The important tourism sector is showing signs of life as receipts were up more than 15% for the first five months of the year. Officials expect the number of tourists to increase from 16 million in 2012 to 17 million this year. Prices, especially compared to Turkey just across the Aegean, have certainly come down sharply. An article in Turkey’s Hürriyet newspaper on Sunday reported that a meal in a fish restaurant in a small Aegean town starts at about $80 per person. A hamburger will set you back more than $25. And these prices are without any wine or beer whose prices have skyrocketed because of heavy taxes. Prices on the hot spot of Mykonos in Greece may approach this level, but everywhere else we ate was far less expensive. Hotels in central Athens have responded to the crisis by lowering prices and seeing their occupancy rates increase.

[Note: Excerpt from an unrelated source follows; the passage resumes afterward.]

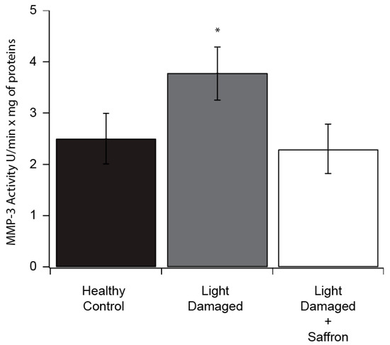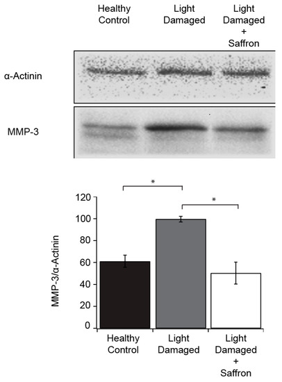 We performed western blot analysis as well as enzymatic activity assay and immunostaining to verify whether a relationship exists among light damage, saffron supplementation and MMP-3 regulation. Immunoblot analysis showed that MMP-3 expression was upregulated during light damage, and this increase was suppressed by treatment with saffron (Figure 4). The reduction was statistically significant.

Tourists would find even lower prices if they were willing to go farther afield than the usual destinations of Mykonos, Santorini and other locations noted primarily for ear-splitting techno music. The beautiful Sporades islands of Skopelos, Alonissos, or  Trikera offer spectacular scenery unlike any other island I have seen in Greece. Where the usual Aegean island is fairly barren and often short of water, these islands are covered with dense forests that march down to dramatic cliffs plunging into the sea. I was reminded of the coast of Maine in my native New England with one major exception. You can happily dive into the sea surrounding these islands without suffering the threat of cardiac arrest from freezing water.

Alonissos at sunset


Dense forests . . . and the sea is warm
On a more personal note we have just completed major renovation of my wife’s 160-year-old family home. I have never seen better work anywhere – not in the United States and not in Britain. The workers showed up six days a week, on time, worked meticulously, and at the end of each day cleaned up the mess of broken plaster they had removed from the underlying solid stone structure. Old, broken mouldings were beautifully restored. All of this was done with local labour from the island. The contractor told us two years ago the work would take two months. He was only two weeks off because we had to replace more plaster than anticipated, and it took time to dry before we could paint. And the entire project was completed within the budget the contractor set long before the job began. Meanwhile the town had finally completed the job of placing utility cables underground, and we could do away with the web of about 10 different cables that had been attached to the front of the house.


By no means do I wish to suggest that Greece has climbed out of its deep financial hole or that it is happily on its way to functioning like a Scandinavian country where most people pay taxes and bureaucrats actually serve the people instead of the other way around. But there are unmistakable signs of change, however small and fragile at the moment. Anyone willing to look beyond the headlines will be pleasantly rewarded.